Peggy wraps her arms around his shoulders and leans her head on his, like she can bundle him up herself. She can't do much for him, but she can be there in a way no one else was when she faced this grief.
"She hurt you, but she was still your mother."
no subject
He crumples next to her, resting his head on her shoulder, too tired even to keep his neck stiff. He sighs and lets her hold him. He shakes and realizes how she doesn't smell like Capitolites, how the very essence of her is somehow different and earthier (and knows that since he hasn't showered in days any repugnance he could hold for that would be hypocrisy).
"I don't know who I am without her." He's always existed in some sort of opposition to the other members of his family, as if they were an arrangement of cards held together by gravity and mutual pressure - he was the scapegoat through childhood, the good son through adulthood as antithesis to his deceased brother and errant sister.
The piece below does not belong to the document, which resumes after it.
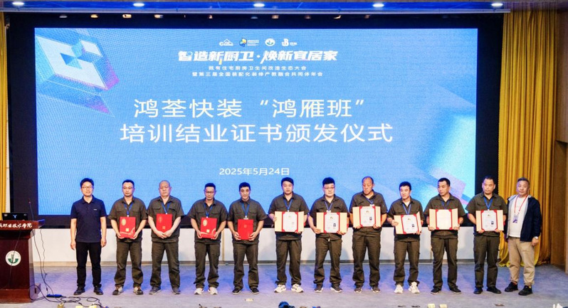 大会期间发布了《装配化装修技术专业能力图谱》《实体商业连锁装配化装修发展报告》《产教融合发展报告》,为专业建设和行业融合发展发展指明了道路。现场还举行了校企战略签约仪式,江苏建筑职业技术公司与鸿荃快装(上海)科技有限公司、徐州装饰装修行业协会等相关单位签署合作协议,围绕实训基地共建、团队互聘、项目共研等达成深度合作。此外,首期“装配化装修技术安装培训班”结业证书颁发仪式同步举行,10名来自鸿荃快装(上海)科技有限公司施工一线的员工经过一周的校内培训,顺利完成了理论与实践考核。

Now it's just him and Ben, and Jason doesn't even see Ben as a person enough to establish juxtaposition.
"I shouldn't have yelled at you."
no subject
And he feels so small in her arms right now. She smooths his hair like she does when he has a migraine, and for a moment, it feels a little like she's holding a child rather than a grown man. Is that so awful, though? She became a child again after her mother died, crying in an empty house and not sure what to do next.
"Beyond that? I know you'll figure it out." Caroline Compson may have defined Jason's life up until now. Maybe she will continue to define his life posthumously. That said, she thinks he's too stubborn to not keep going and eventually fashion an identity for himself.
The apology--that's an apology, even if there's no 'sorry'--is the most shocking part of all. Has he ever apologized to her? About anything? (Of course, his gruff gifts or gestures when he knows he's done wrong don't really count. They never come with words.) She squeezes his shoulder gently. "It's okay." She can put up with the yelling.
no subject
"I need to shower," he murmurs, as if the weight of the last three days having barely moved, just sleeping until he was sore and not eating, has suddenly settled into his bones. He moves his head, reluctantly away from her gentle hand, the comfort that stirs something unremembered in his heart, not his head. He gets up and seems like a scarecrow coming to life after some sort of curse, light and stiff and fragile.
The next few days will be more productive. They'll clean, they'll repair what they can. Jason will pull himself out of the worst of his grief like a calf pulls itself from a birth canal. He runs his hands over his face and finds himself shaking.
"You can sleep in Quentin's room." Funny. Miss Quentin won't even know her grandmother's dead.